BP: Okay, I’ll take that and Ramez, you can jump in on your examples.
BP: I guess one way to think about it is like when you are learning how to diagram sentences in elementary school. You draw these trees of a sentence and find here is the noun phrase and a noun phrase has a determiner like “the” and then it has a noun like “dog” and here is a verb phrase, and it might have a verb like “barks” and then what does it mean for the that word, bark is a verb and it has a “S” at the end and the way that it works, which we call morphology, that’s the present tense of that verb. And then the whole sentence is composed of those pieces, and so the meaning is built out of those. So you draw these diagrams when you are learning how to do it. And the kind of knowledge that’s in a natural language processing system like Powerset is using is sort of like that. Its basically extracting out both the surface structure, that kind of a tree structure of a sentence, and then its converting that into a series of different representation, ultimately into one which expressing that thing in fact. So it will basically say that there is a kind of activity here and it is a barking activity and the thing that is doing that activity, the subject of that activity, is a dog. Ok. So it is going from that sort of a surface structure of the language that you are seeing and converting it into a semantic factor representation. In addition, it is then able to draw on the individual meaning and relationships between words so if you saw that the sentence said “The poodle barks.” Then the system knows, if it can draw upon other knowledge about the relationship between words, as Powerset does, that poodles are a kind of dog. So if you as the user were able to say, “I want dogs barking” then it can actually then match the concept of dog to the concept of poodle and it is matching barking to barking and it is then doing this sort of semantic match for you which uses words you are not even using in your query and matching those against the document.

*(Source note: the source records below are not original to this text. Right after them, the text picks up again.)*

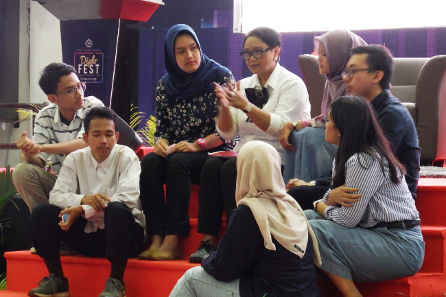 Menlu Retno mengambil inisiatif berdiri dari kursi duduknya, menyambangi mahasiswa yang lesehan untuk bergabung bersama-sama, area tangga panggung menjadi tempat paparan materi sekaligus tanya jawab antar Menlu Retno dengan para mahasiswa.
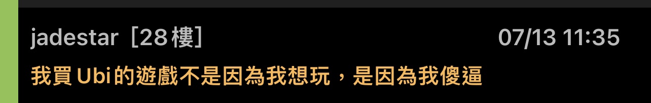 推 jadestar: 我買Ubi的遊戲不是因為我想玩,是因為我傻逼 07/13 11:35
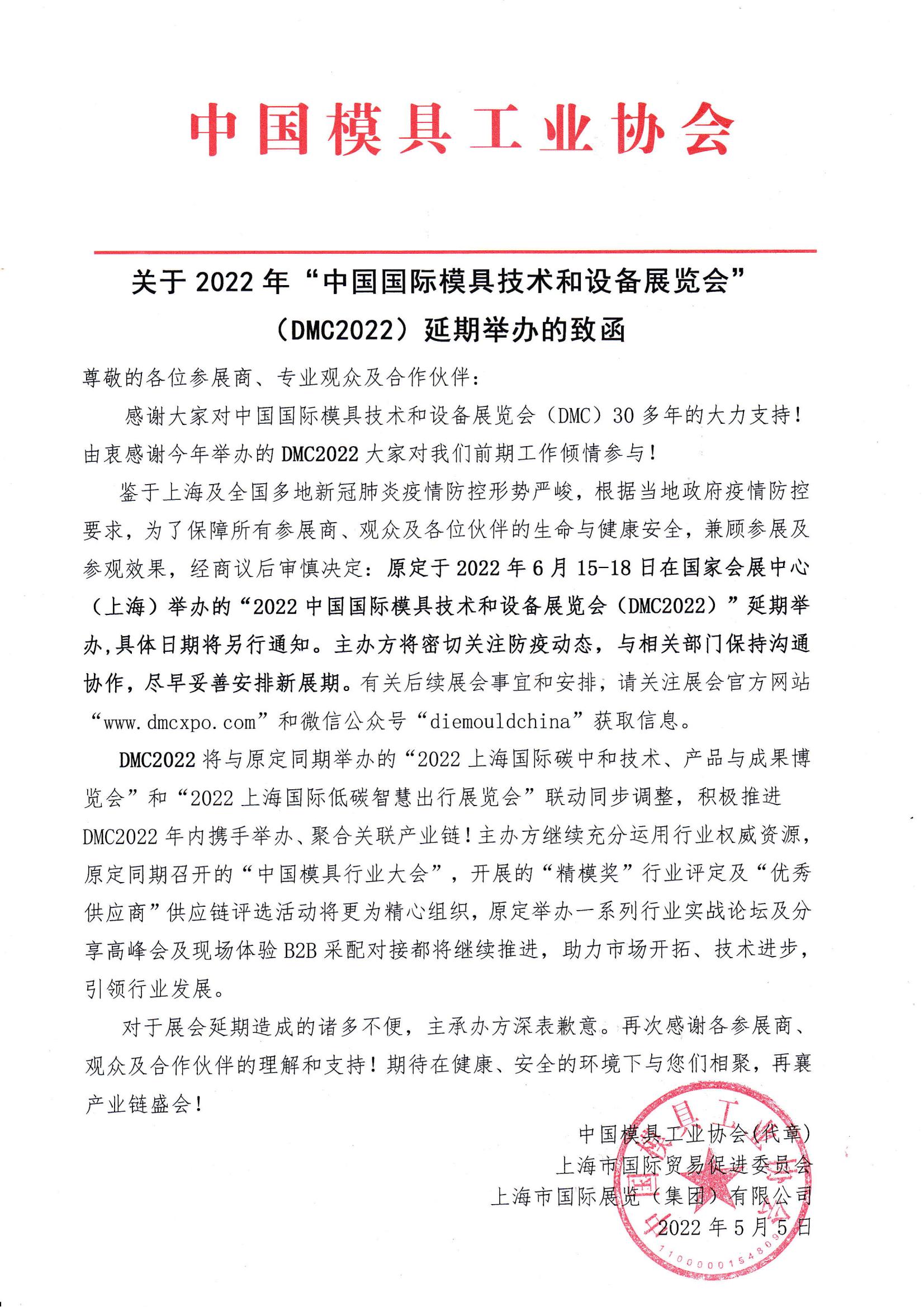 關(guān)于2022年“中國國際模具技術(shù)和設備展覽會(huì )”(DMC2022)延期舉辦的致函
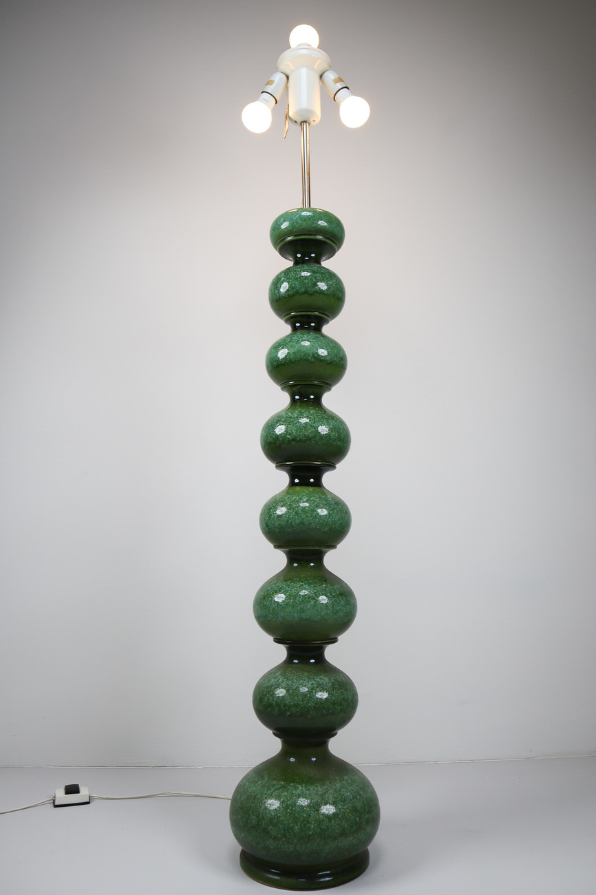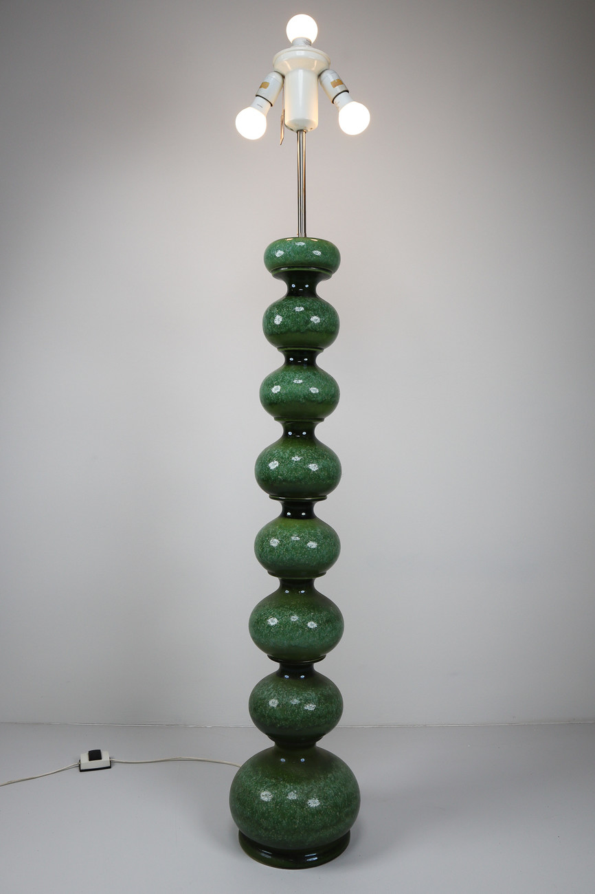 160 cm (62.99 inch)VINTAGE GERMAN LAMP FOR KAISER-LEUCHTEN IN GREEN CERAMIC, Mid-20th century, in good condition, for sale in Lighting, Table and Floor lamp | Davidowski
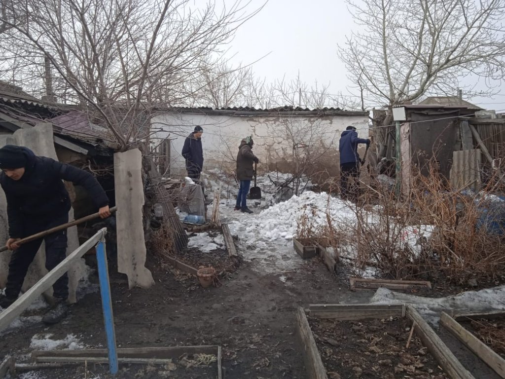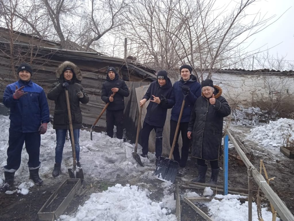 2021 жылғы 09 сәуір күні Э-2 тобының студенттері өндірістік оқыту шебері С.К.Садвакасовтың жетекшілігімен зейнеткер А.С.Федощенкоға үйінің аумағын жинастыруға көмектесті. Әжей көмекке риза болды.
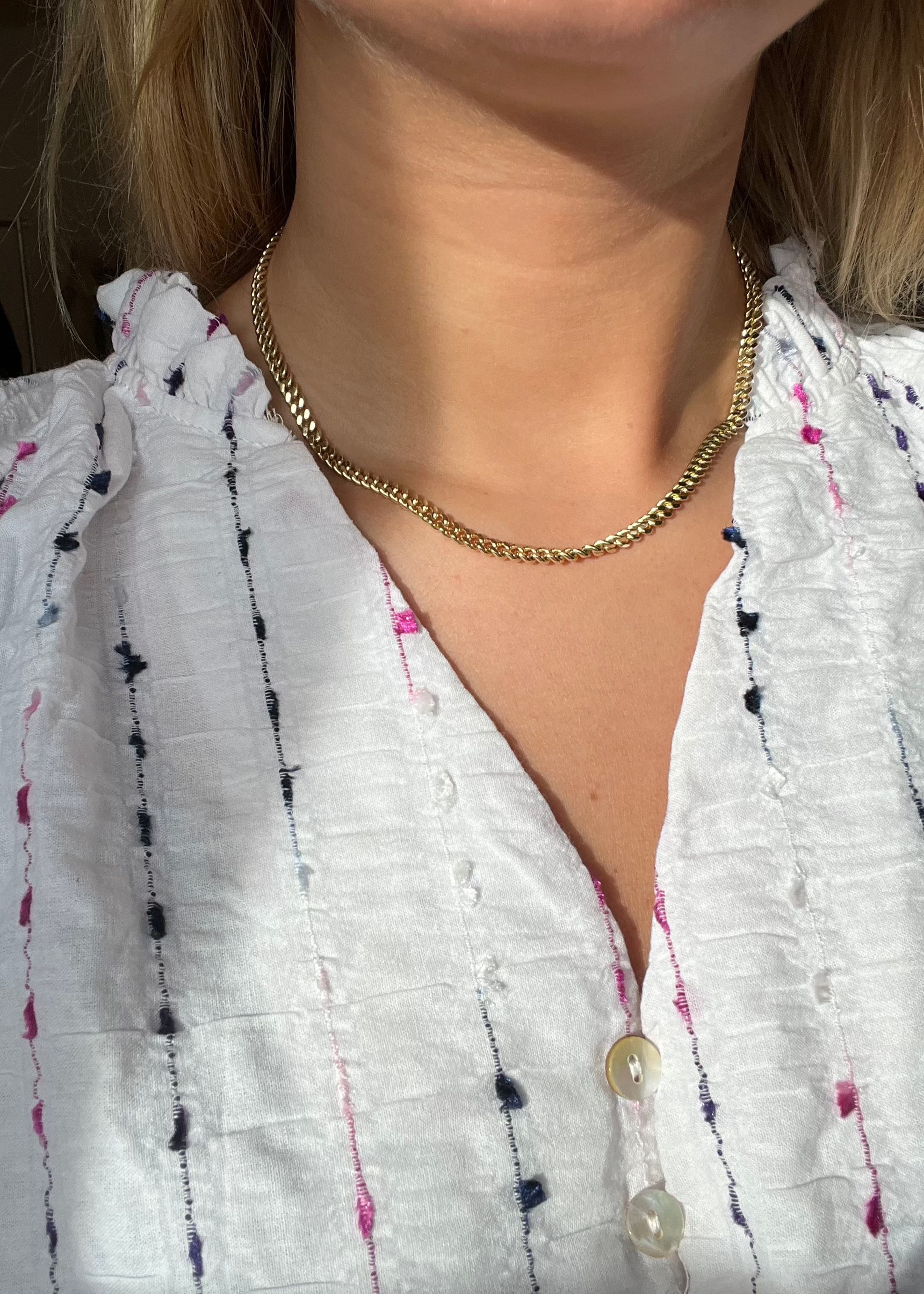 Vår vackra Isabella Dress har inbyggda shorts och de finaste detaljerna. Klänningen är vit med tunna ränder i färger och en kort volangkrage som går ner i en smal v-ringning. Dessutom har den ett resårband i midjan och knappar på toppen💖
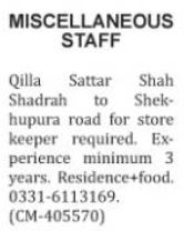 Private Company jobs advertisement dated about 15 September 2025 in daily Nation Newspaper invites application for the vacant post of store keeper in Shahdara Lahore, lahore Punjab Pakistan. Matric and Intermediate etc. educational qualification will be preferred.
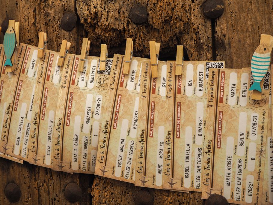 Además también les hice el diseño de seating de aeropuerto y los marcasitios como si fueran tarjetas de embarque.
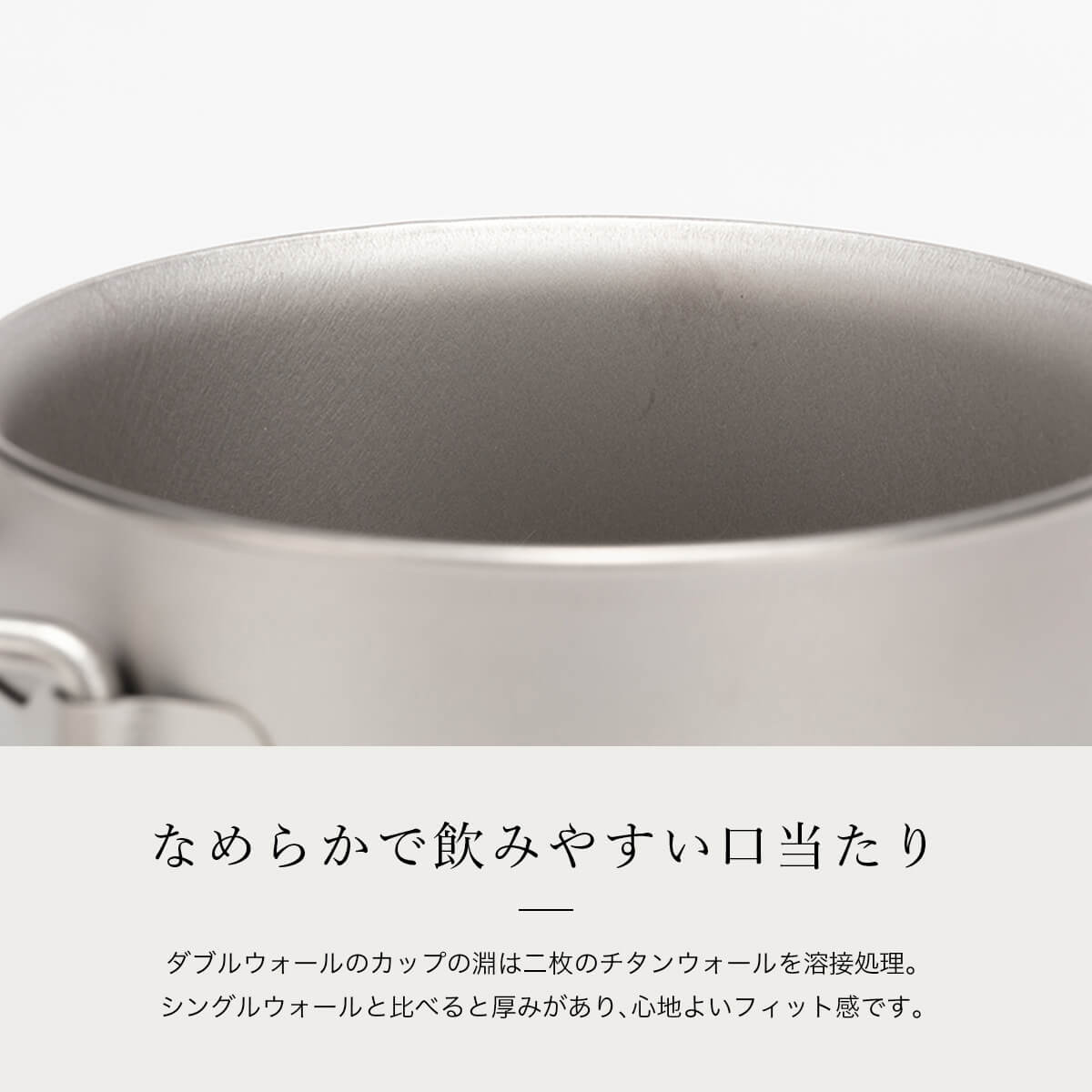ダブルウォールのカップの淵は二枚のチタンウォールを溶接処理しており、シングルウォールと比べると厚みがあり、心地よいフィット感です。
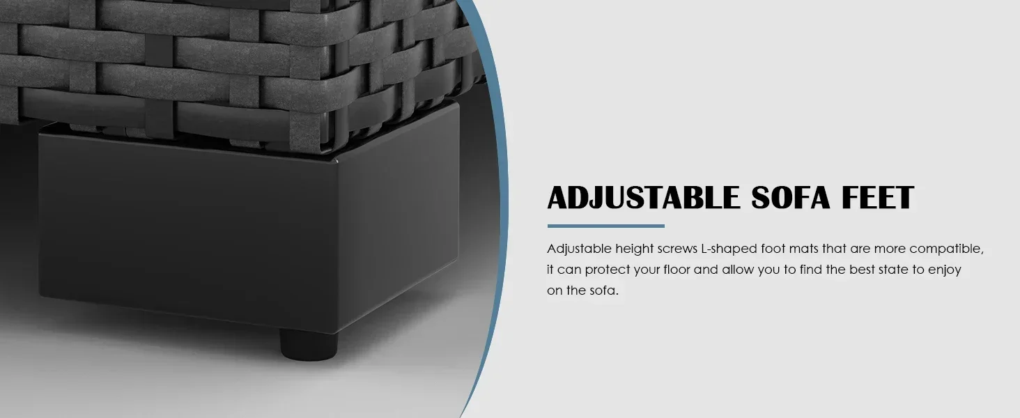 1 Cushion Anti-Slip 2 Thickened Cushion 3 Adjustable Feet 4 Hand-Woven Wicker
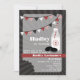 Une invitation à l'anniversaire illustrant une bouteille de lait avec paille rayée rouge et blanche et deux biscuits sandwich au chocolat. L'invitation présente également des modèles de chevrons et de bunting massif et de sunburst. Le Arrière - plan a "mordant" en bas à gauche. Personnalisez le texte.
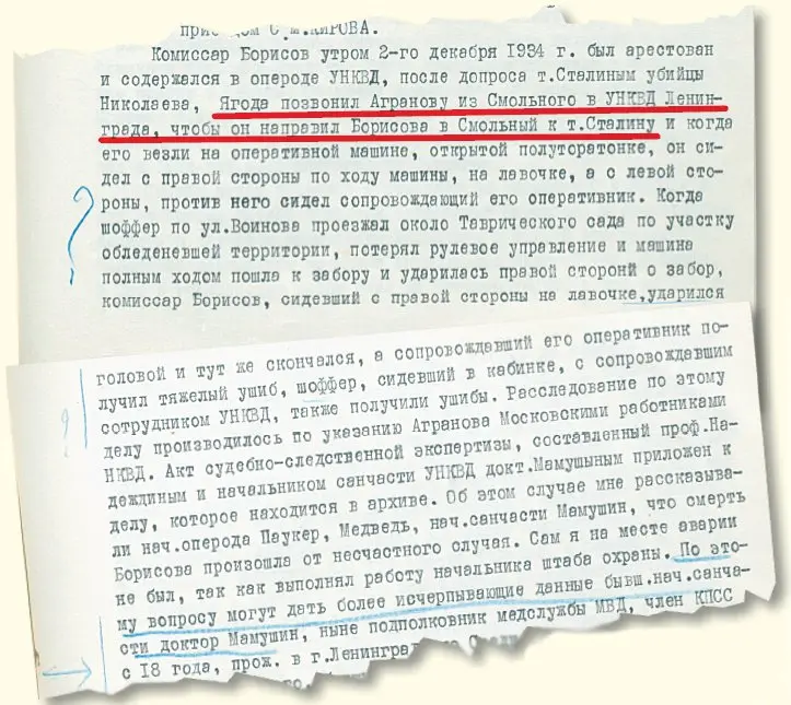 Справка из фонда Ежова: «Борисов М. В., 1881 года рождения, из крестьян, кандидат в члены ВКП(б) с 1931 года, оперативный комиссар 4-го отделения оперода УНКВД по Ленинградской области, в ОГПУ с 1924 года, ранее работал сторожем; погиб 2 декабря 1934 года в 10 часов 50 минут при наезде грузового автомобиля на стену дома № 50 по улице Воинова». Это официальная справка 1934 года. А далее идут версии происшествия…
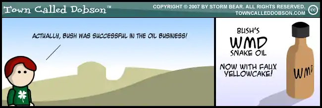 Town Called Dobson is a liberal editorial cartoon in the form of a webcomic written and illustrated by Storm Bear. The week-daily cartoon deals with being a liberal in red America. The cultural clash between left vs. right politics is the main focus of the cartoon and reflects the creator's life growing up in Dobson, NC.
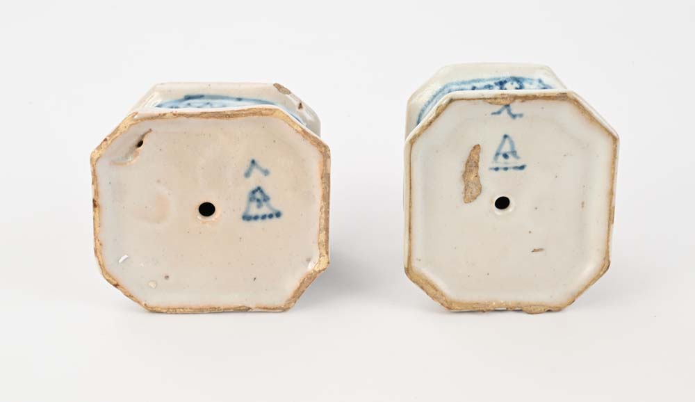 Coppia di saliere in maiolica bianca e blu, Savona, XVIII secolo a forma di piedistallo centrate da S cm 6x9x8
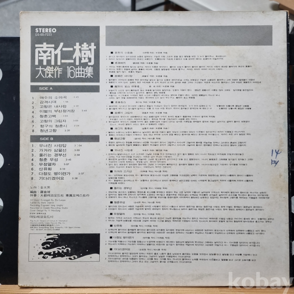(희귀음반) 남인수 대걸작집 [애수의 소야곡, 무너진 사랑탑] 대도레코드 초반 LP
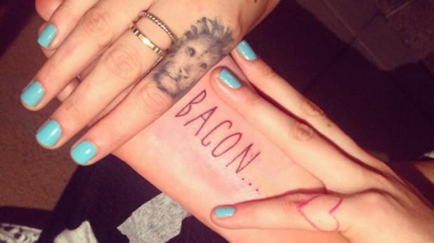 Актриса поступила, как многие клиенты тату-салонов, оставив на теле память о своей главной любви. Правда, это не имя мужчины, мамы или подруги, а слово «Бекон». Да, именно этот продукт Кара считает главной слабостью и страстью.
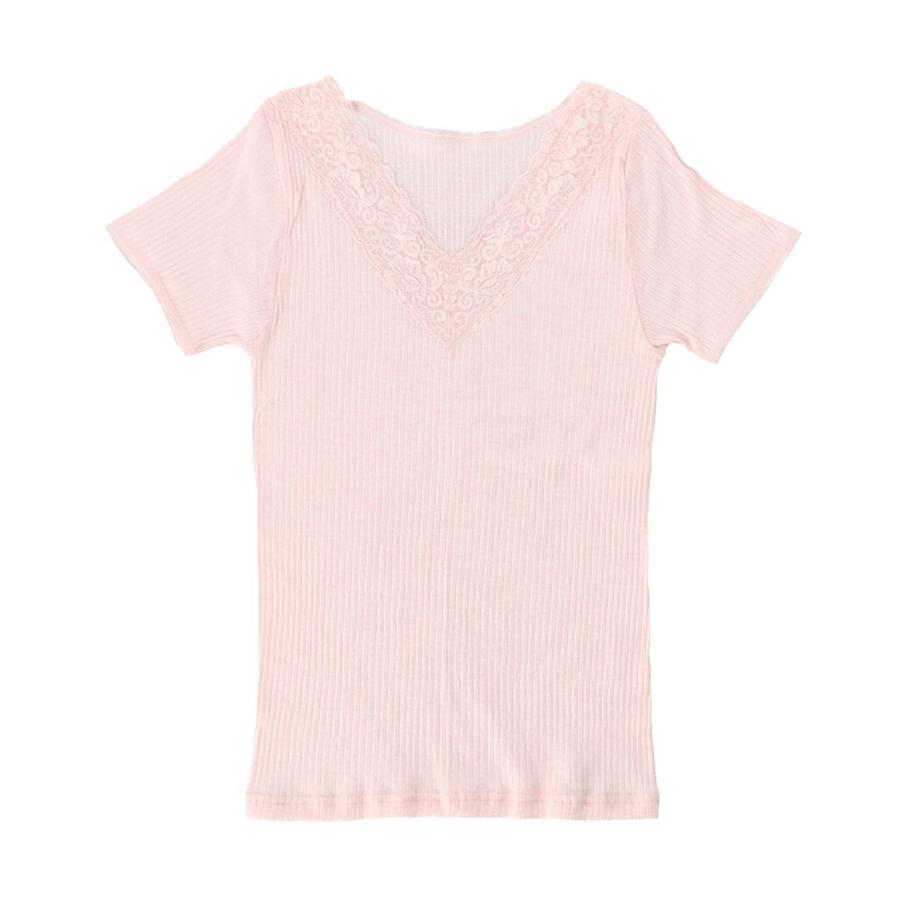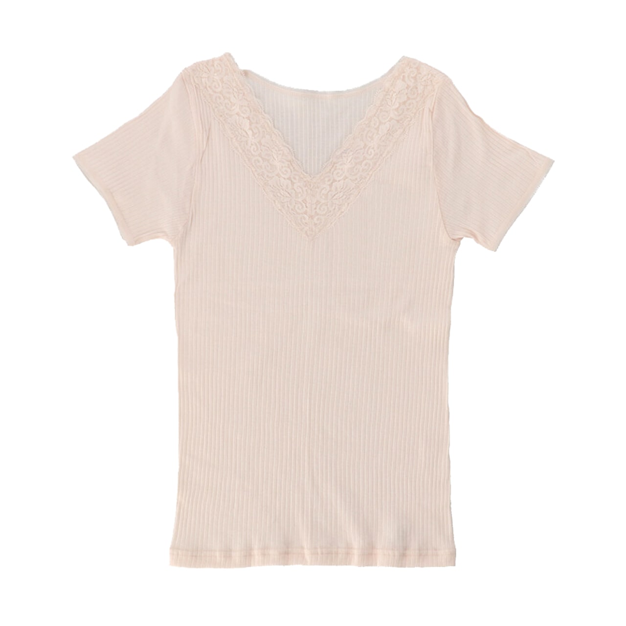 婦人 綿100% Vネックレース 3分袖インナー M~3L

RN: I think everything that Barney said was right on. I think you see search engines including Live Search and also Google and Yahoo are starting to do more work on this matching not exactly what the user entered but it is usually limited to very simple things. So now all of us do some expansion of abbreviations or expansion of acronyms. If you type “NYC” in a search engine these days, in the last couple years, it understands that it means the same thing as New York. These are very very simple rules based things, and no one understands that bark has one meaning if it about a tree and a different meaning if it is about a dog. Or an example that someone gave the other day was the question of “was so and so framed.” And framed could mean a framed picture or it could mean set-up for criminal activity that did not occur, and so on. And you have to actually understand something of it is a person’s name then it applies to one sense of the word framed if it is not then it doesn’t. So one of the things that Powerset brings that is unique is the ability to apply their search technology to the query to the user’s search in ways that are beyond just the simple pluralization or adding an “-ing” is that Powerset also looks at the document, it looks at the words that are on a web page and this is actually very important. If you look at just the users query, what you have available to you to figure what they are talking about are three words four words five words, maybe even less. That can give you certain hints. If you look at a web page that has hundreds or thousands of words on it you have a lot more information you can use if you understand it linguistically to tell what its about, what kind of quieries it should match and what kind of quieries it shouldn’t match. And Powerset is fairly unique in applying this technology in the index on a fairly large scale already and with Microsoft’s investment and long term commitment we can scale this out even further, an apply it even more of the web, not just the wikipedia content they have thus far.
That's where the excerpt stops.